Without the pictures, can you quote each line below exactly?

Information supplied -

+++

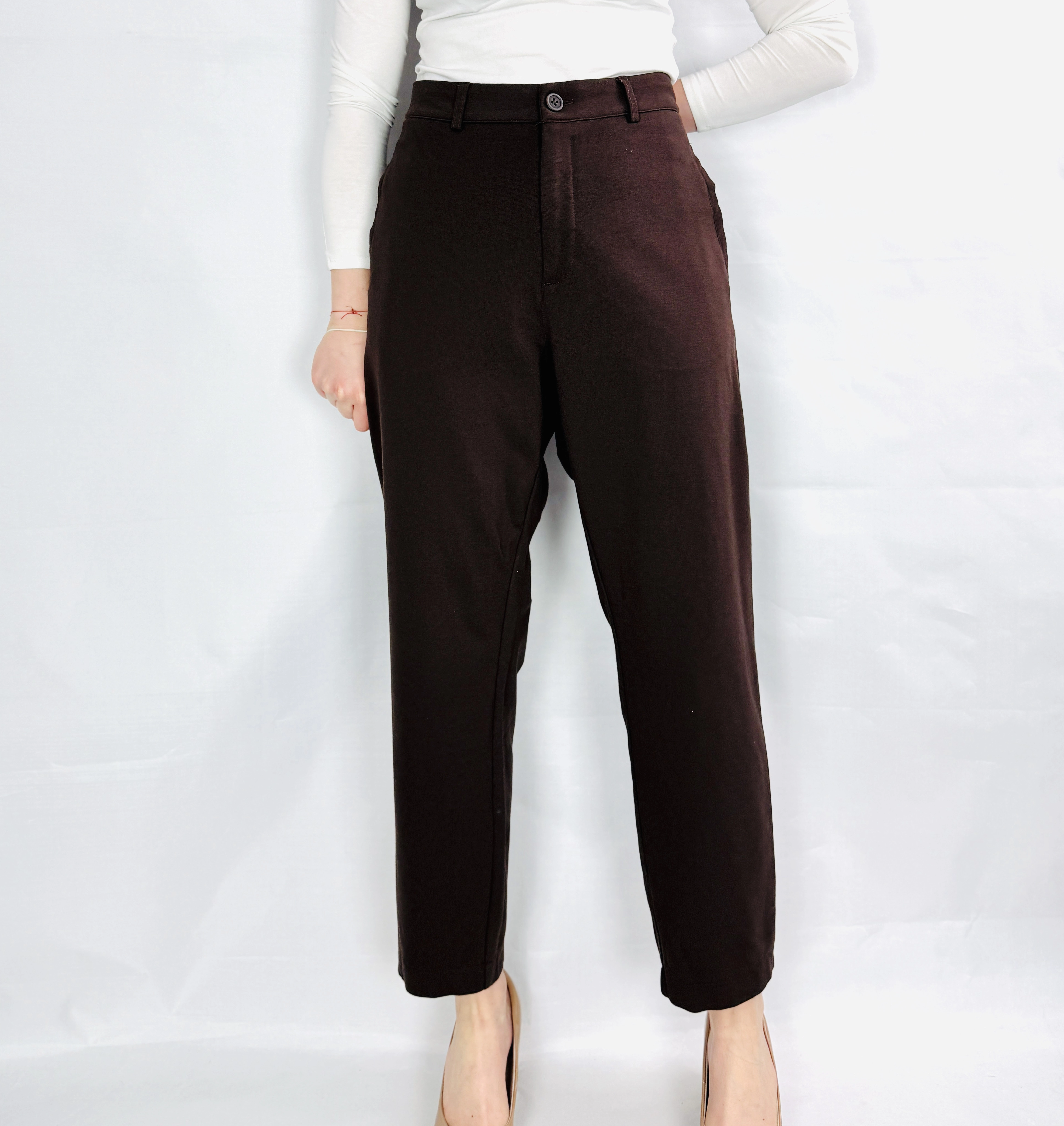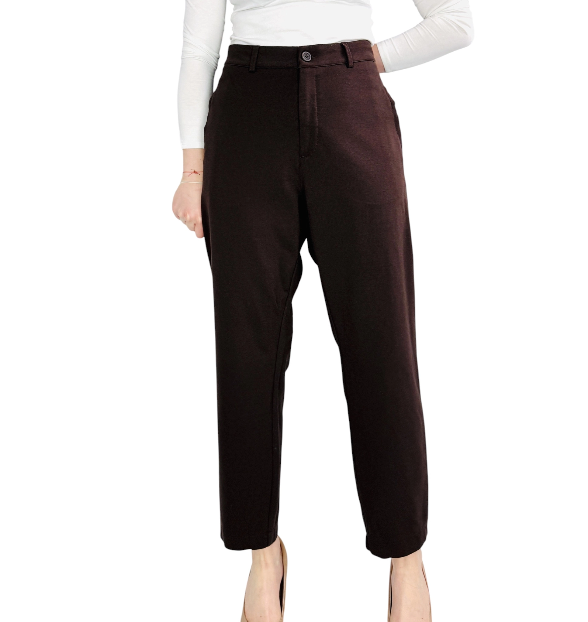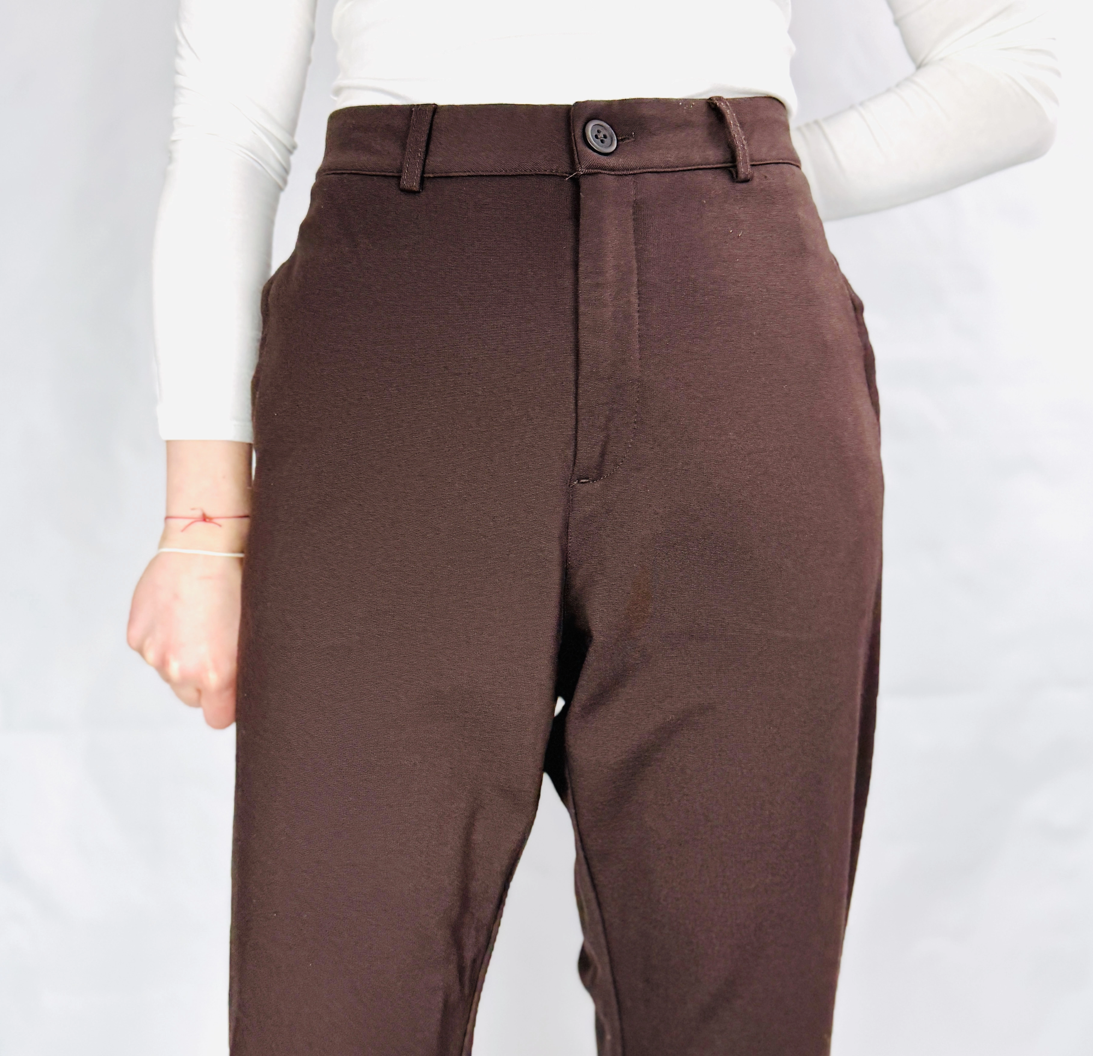 Te brązowe spodnie to kwintesencja klasycznej elegancji w nowoczesnym, niezwykle kobiecym wydaniu. Głęboki, czekoladowy odcień brązu nadaje całości szlachetnego i wyrafinowanego charakteru, sprawiając, że spodnie stają się idealną bazą dla kobiet ceniących stonowaną, a jednocześnie wyrazistą kolorystykę. To model, który emanuje spokojem i profesjonalizmem, oferując sylwetce nienaganny, dopracowany wygląd, który przyciąga wzrok swoją prostotą i wysoką jakością wykonania. Ich ponadczasowa forma sprawia, że są one doskonałym wyborem dla osób budujących kapsułową garderobę, w której królują barwy ziemi i klasyczne kroje.
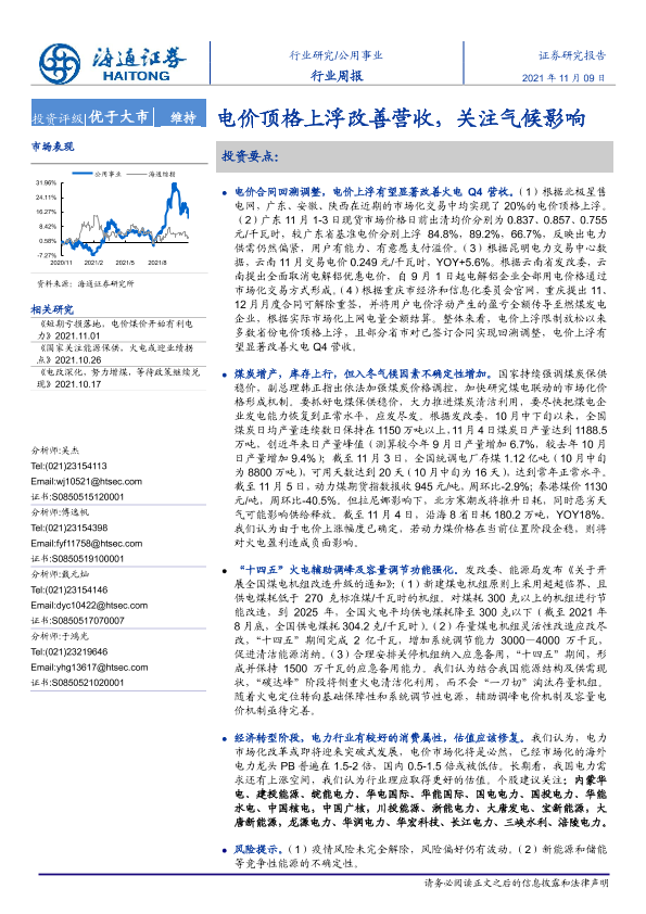 【海通证券】【20211109】公用事业行业周报:电价顶格上浮改善营收,关注气候影响-2页
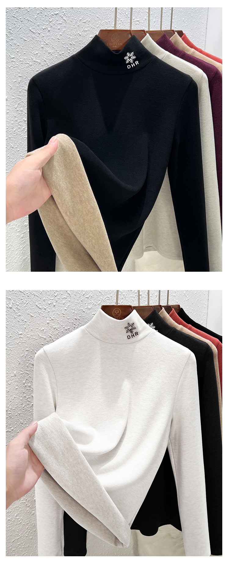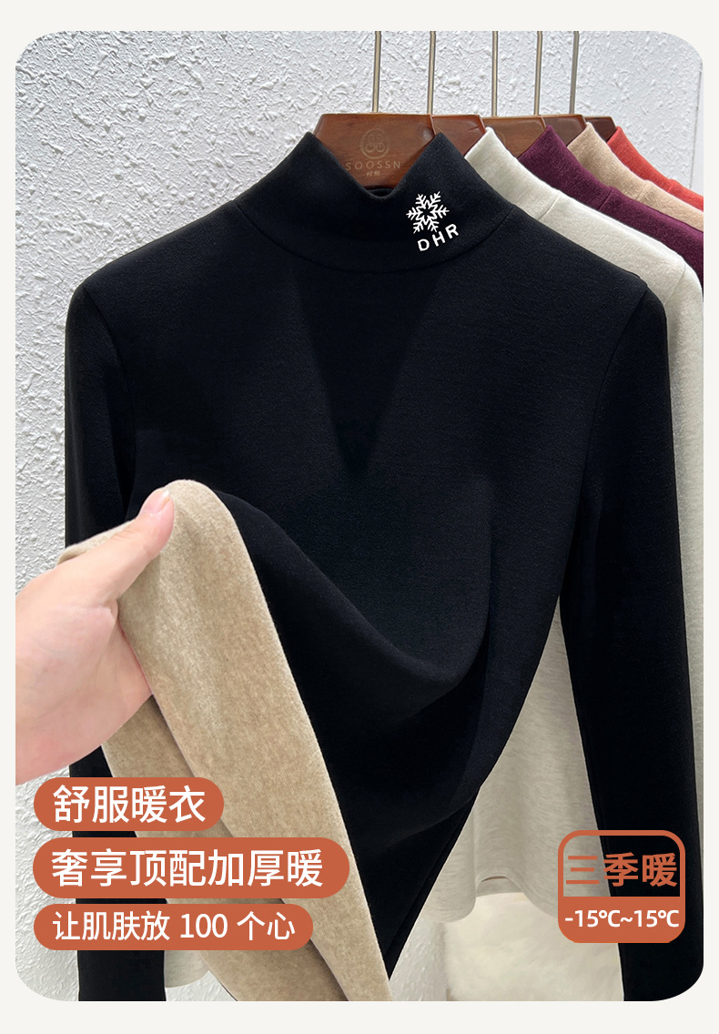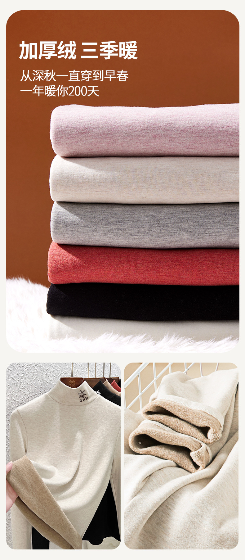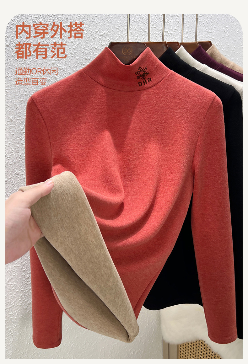 「自j」全新升级【铂金会员128/天猫169/差价41】(54132)洛诗琳羊毛蚕丝打底衫2025秋冬中高领绣花加绒保暖上衣女
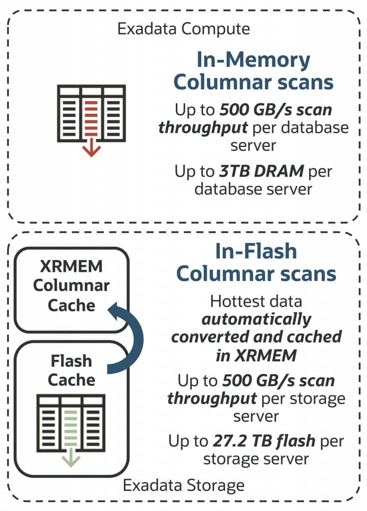 Because memory is relatively expensive, Exadata uses both memory and flash to store the in-memory columnar data managed by the DBIM capabilities. Flash in Exadata storage expands the total capacity for in-memory data up to 27.2 TB with a scan throughput of up to 100 GB/s* per storage server and increases parallelism through its scale-out storage architecture. Additionally, the data-intelligent Exadata software converts the hottest data into columnar cache format and places it in Exadata RDMA Memory (XRMEM), delivering Exadata Smart Scan speeds up to 500 GB/s* per X11M storage server.

+++

Task answer -
 Te brązowe spodnie to kwintesencja klasycznej elegancji w nowoczesnym, niezwykle kobiecym wydaniu. Głęboki, czekoladowy odcień brązu nadaje całości szlachetnego i wyrafinowanego charakteru, sprawiając, że spodnie stają się idealną bazą dla kobiet ceniących stonowaną, a jednocześnie wyrazistą kolorystykę. To model, który emanuje spokojem i profesjonalizmem, oferując sylwetce nienaganny, dopracowany wygląd, który przyciąga wzrok swoją prostotą i wysoką jakością wykonania. Ich ponadczasowa forma sprawia, że są one doskonałym wyborem dla osób budujących kapsułową garderobę, w której królują barwy ziemi i klasyczne kroje.
 【海通证券】【20211109】公用事业行业周报:电价顶格上浮改善营收,关注气候影响-2页
 「自j」全新升级【铂金会员128/天猫169/差价41】(54132)洛诗琳羊毛蚕丝打底衫2025秋冬中高领绣花加绒保暖上衣女
 Because memory is relatively expensive, Exadata uses both memory and flash to store the in-memory columnar data managed by the DBIM capabilities. Flash in Exadata storage expands the total capacity for in-memory data up to 27.2 TB with a scan throughput of up to 100 GB/s* per storage server and increases parallelism through its scale-out storage architecture. Additionally, the data-intelligent Exadata software converts the hottest data into columnar cache format and places it in Exadata RDMA Memory (XRMEM), delivering Exadata Smart Scan speeds up to 500 GB/s* per X11M storage server.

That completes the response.